Physical Intelligence System Stack
Physical intelligence system stack is Yao Song / 姚颂’s core definition of physical intelligence in 173: 对话姚颂:深鉴、东方空间、再出发,「天才少年」十年后. He argues that the field cannot be reduced to a single model, a robot body, or a visually impressive demo. It must combine data, compute, models, algorithms, software, hardware, scene access, solutions, and remote systems.
The concept extends Physical AI and Embodied AI Value Chain. Where many robotics discussions ask whether value sits in the robot brain, body, data, or scene owner, Yao’s version says early physical-intelligence companies may need to own enough of the full stack to make research, product, deployment, and business value move together.
Key Claims
- Space perception, body motion, manipulation, and remote operation are all parts of physical intelligence rather than separate afterthoughts.
- Vision Language Action Models, World Models, World Action Models, and Robot Reinforcement Learning are route components, not complete company definitions by themselves.
- Scenario access matters because physical-world data and commercial value appear only when robots act in real settings.
- Early vertical integration can be rational when standard interfaces, mature suppliers, and stable form factors have not yet formed.

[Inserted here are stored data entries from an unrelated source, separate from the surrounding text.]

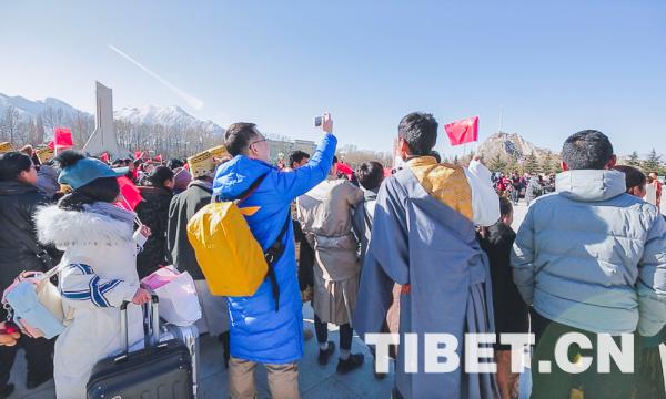 中国西藏网讯 2018年12月31日,年终岁末,西藏自治区拉萨市布达拉宫广场上演了《我和我的祖国》快闪活动。来自西藏的高校青年学生和市民群众向祖国深情告白,用快闪的方式庆祝新中国成立70周年。
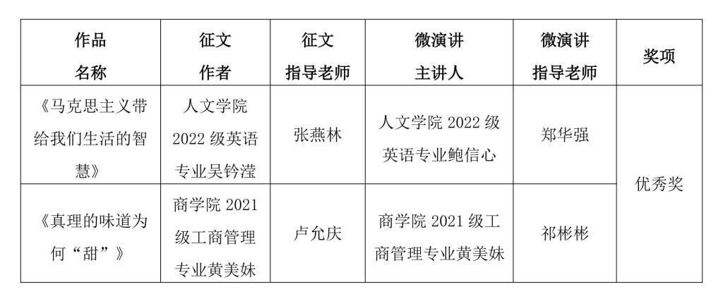近日,由中共福建省委教育工委主办的“马克思主义能给予我们什么”第七届全省高校大学生主题征文和微演讲活动公布获奖名单,开云唯一官网_开云(中国)选送的作品《马克思主义带给我们生活的智慧》、《真理的味道为何“甜”》分别获本科生组优秀奖。
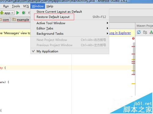 2、默认布局设定完成之后,然后进行Android studio菜单中的“windows”的选项。
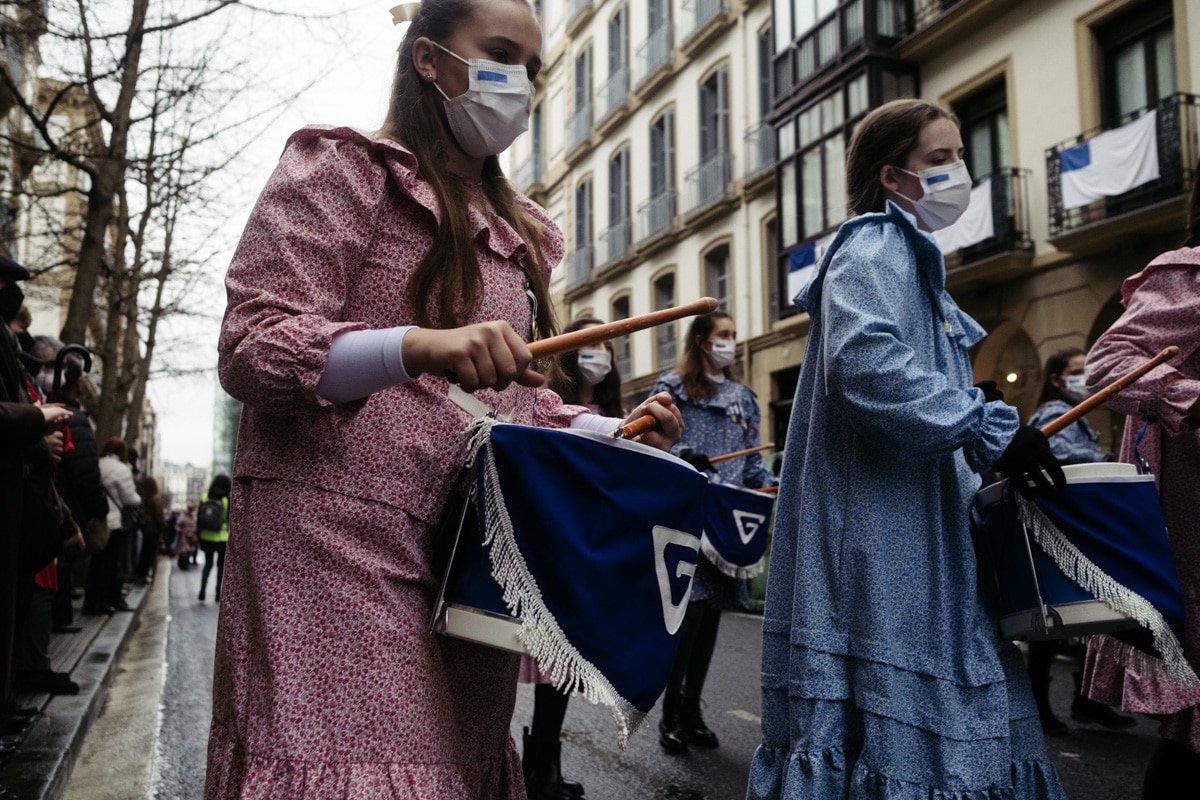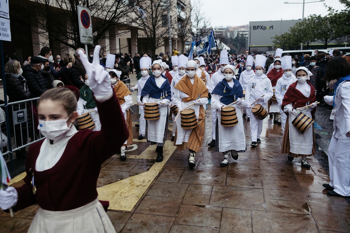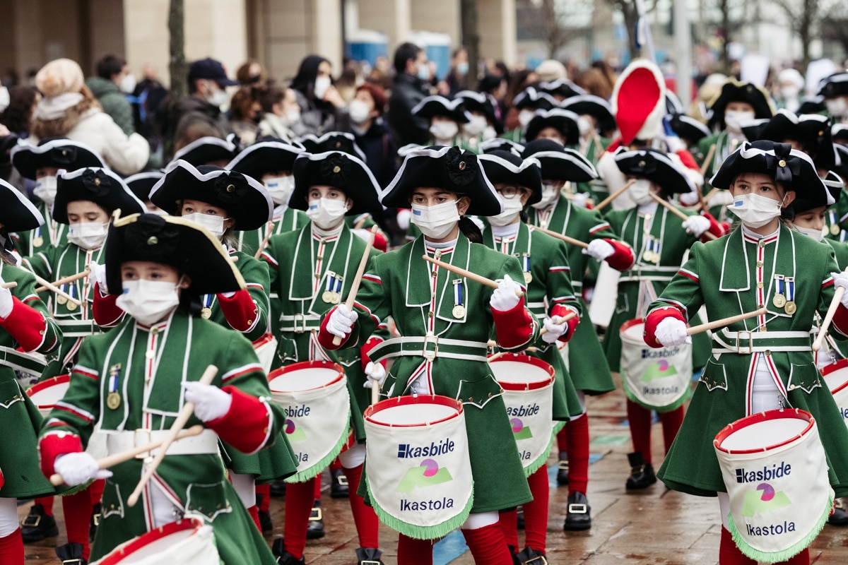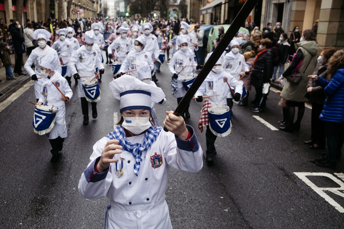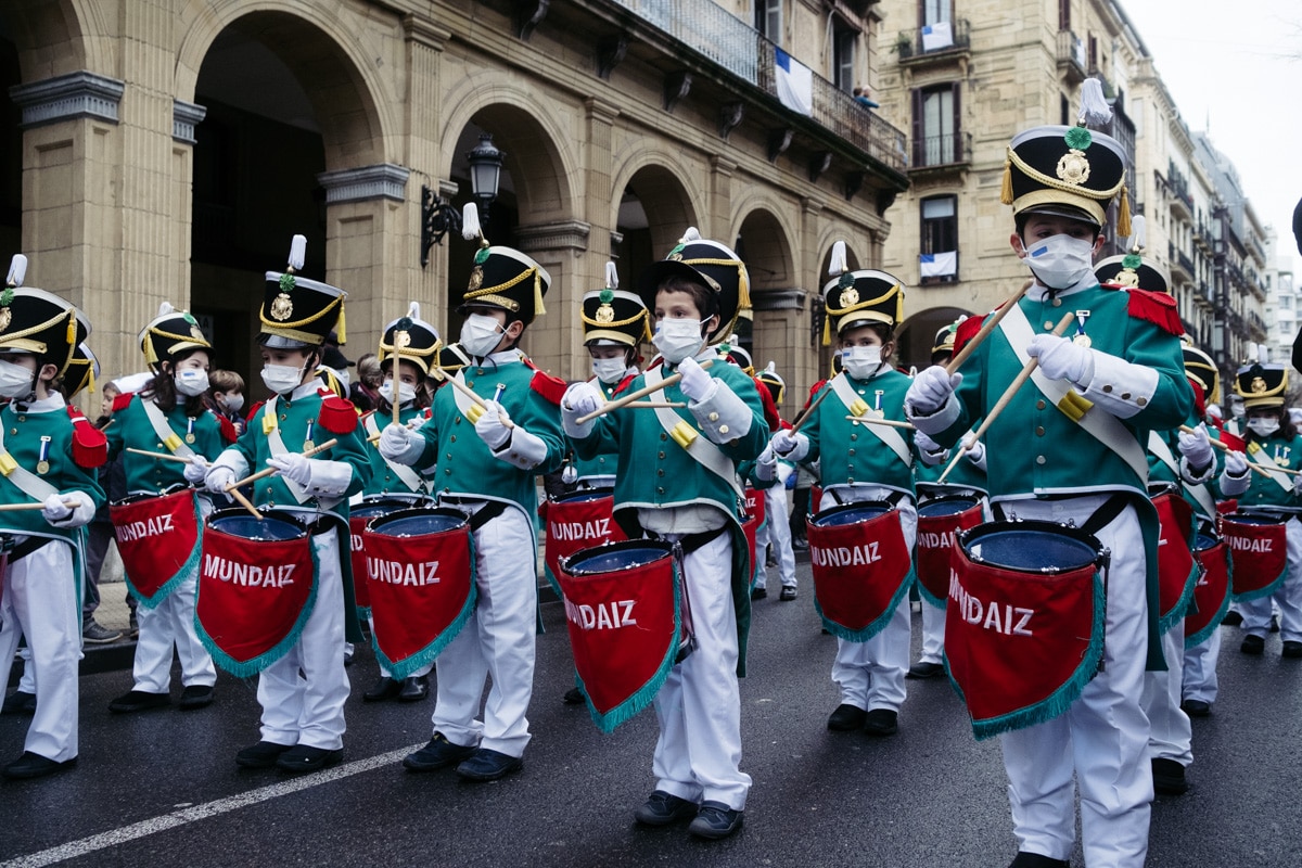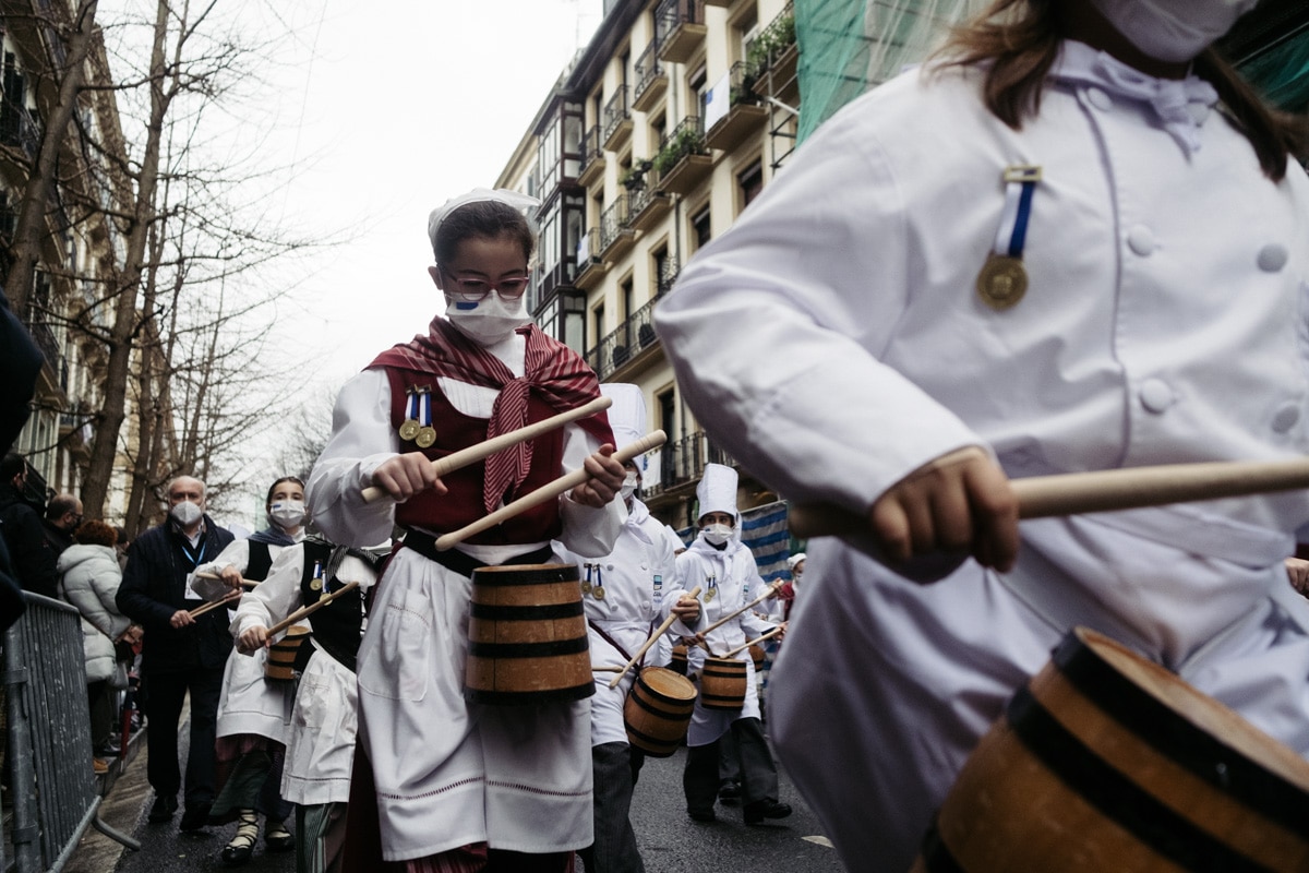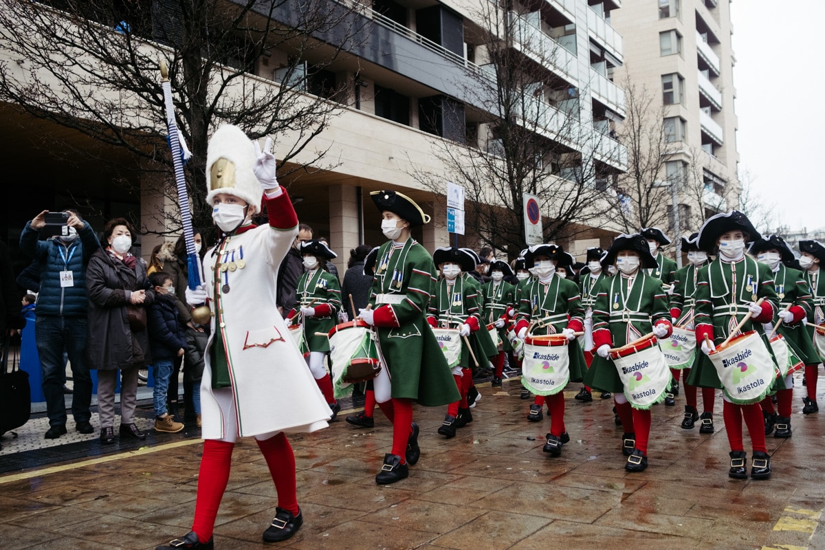 La Tamborrada infantil de este mediodía en Donostia, con las compañías separadas en cinco trayectos distintos, evitando aglomeraciones y con distancias, pasará a la historia como ‘la tamborrada del covid’.

- The stack view supports Milestone Commercialization: each technical step should be linked to a deployable service or customer value where possible.
Connections
- Striding AI / 正行创新 and Yao Song / 姚颂 — source company and speaker.
- Physical AI, Embodied AI, and Embodied AI Value Chain — broader category and value-chain pages.
- Physical World Data Flywheel, Production Robot Scenario Selection, and Robot Teleoperation and Remote Takeover — deployment and data layers.
- Robot Form-Factor Pragmatism, Wheel-Based Dual-Arm Robots, and Dexterous Manipulation — body and manipulation choices.
- Robot Demo Authenticity — market-trust boundary for system claims.